Пускай я в темноте, но я вижу, где свет
Б. Б. Гребенщиков
В жизни каждого человека всегда есть место чуду. Познать его — величайшее из наслаждений. Жаль, что при целенаправленных поисках чудесное сокровище вечной истины прячется от тебя еще глубже в непроходимые чащобы, как метерлинковская синяя птица. Оно всегда приходит внезапно, оставляет метку в книге твоей судьбы и удаляется, пока ты не опомнился и не успел и слова вымолвить.

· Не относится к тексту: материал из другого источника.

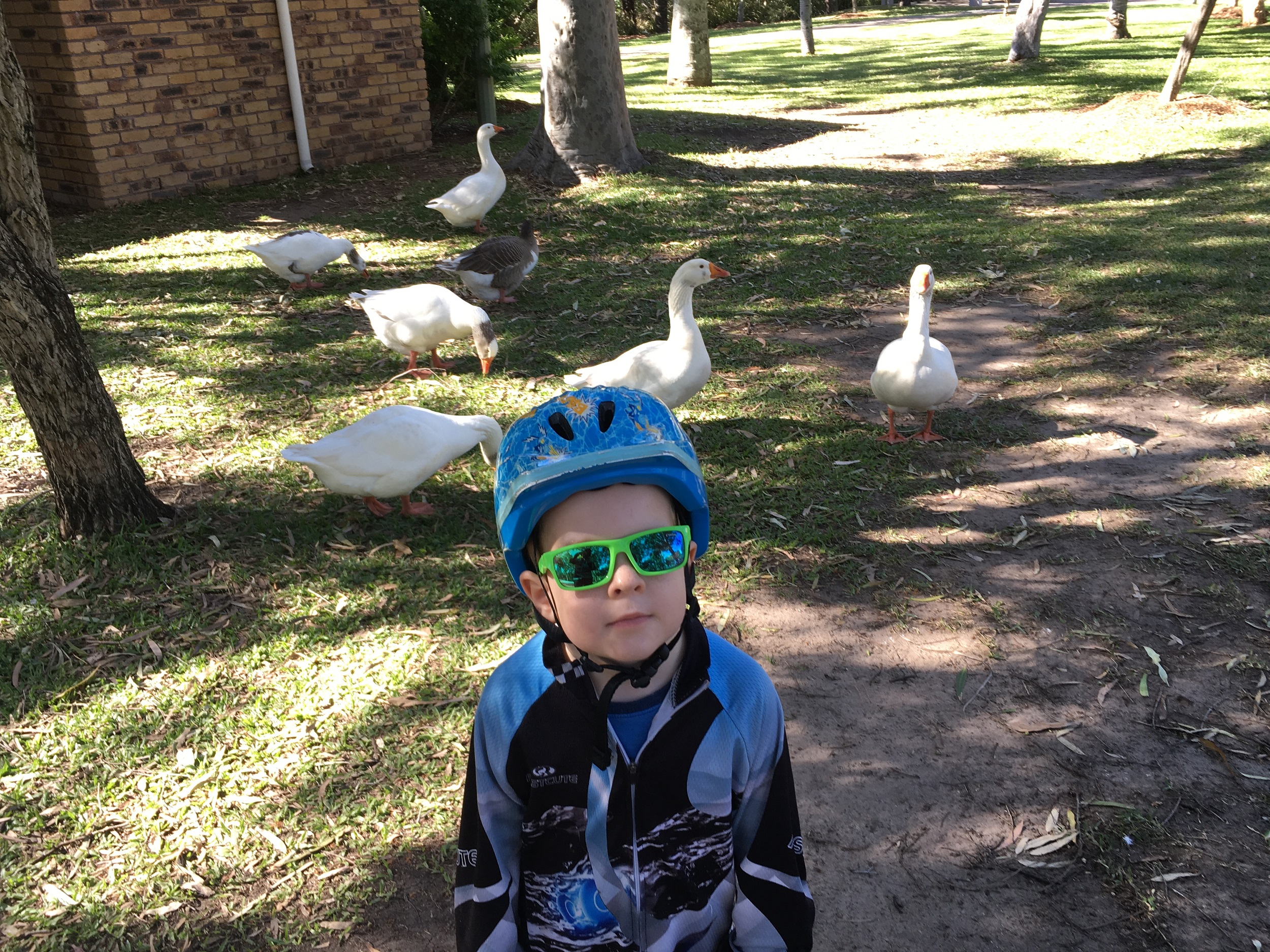 We were booked in to mind Mase today. He wanted to go for a ride to see Goosey Lucy and Peter Peacock etc, so we did. We left home at 9:08am. I connected his bike to the Tagalong so we can cross Marine Parade without any dramas. Once on the shared path I disconnected the Tagalong hitch and he rode by himself. Usually at 'blazing speed' so he tells me.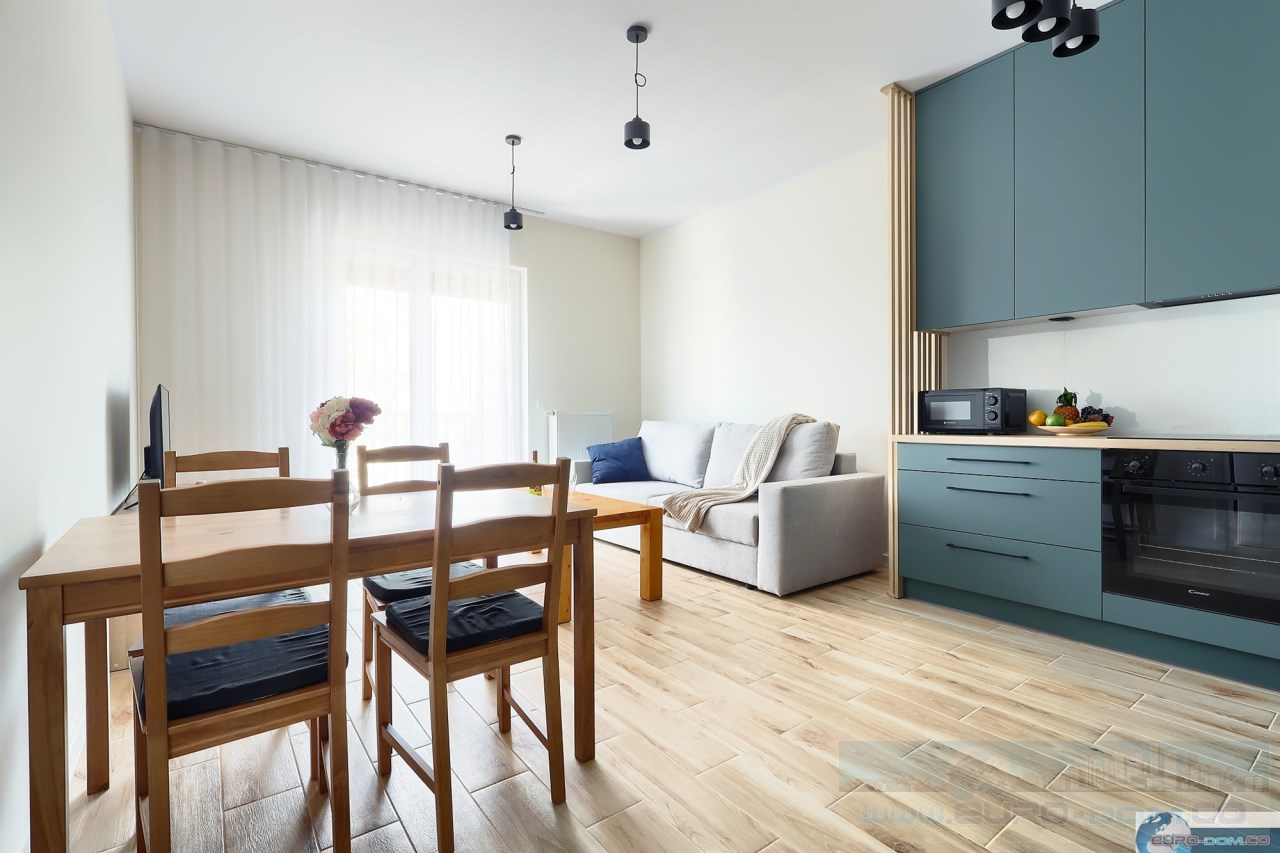 Umeblowanie mieszkania zgodne z fotografią. Mieszkanie jest z ekspozycją północno-wschodnią, dzięki czemu mieszkanie otrzymuje dużą ilość naturalnego światła do południa. Okna wykonane są z PCV.

Итак, моя жизнь три года назад — время поиска, паутины отношений, буйной энергии и хождений по кругу. Блуждания по лабиринтам собственных чаяний и желаний истощили душу до предела. Впрочем, в веренице дней было место одному светлому пятну. Оно не заключало в себе свет, но отражало его подобно зеркалу, именно оно привело меня на другую планету — в Страну снежных львов. Эти места загадка для многих, разгадать ее оказалось непосильной задачей.
Что осталось от моей поездки на крышу — казалось бы в руках покоятся только жалкие осколки впечатлений. Пытаешься их так и сяк сложить в единую картину, но чем усерднее стараешься, тем более тщетными кажутся твои усилия. Думаю, что весь подвох тут в том, что ответа на вопрос в данном случае нет, точнее он есть, но он многолик, играет разными гранями как алмаз, поблескивающий во всей красе в свете дня. Ясно одно — благодаря этому опыту я узнала то, что должна была узнать, — ни больше, ни меньше. Странно думать, что это запредельное приключение промелькнуло так быстро и еще более странно представлять, что оно никогда не повторится. В обиталище своей души мне не вернуться, и от этого порой становится нестерпимо больно, еще более обидно за то, что виной всему эти цветные бумажки, которые однажды придумал какой-то циник, и теперь они всем жить спокойно не дают. Возможно, недосягаемость еще больше обостряет тоску и нестерпимое желание оказаться там снова.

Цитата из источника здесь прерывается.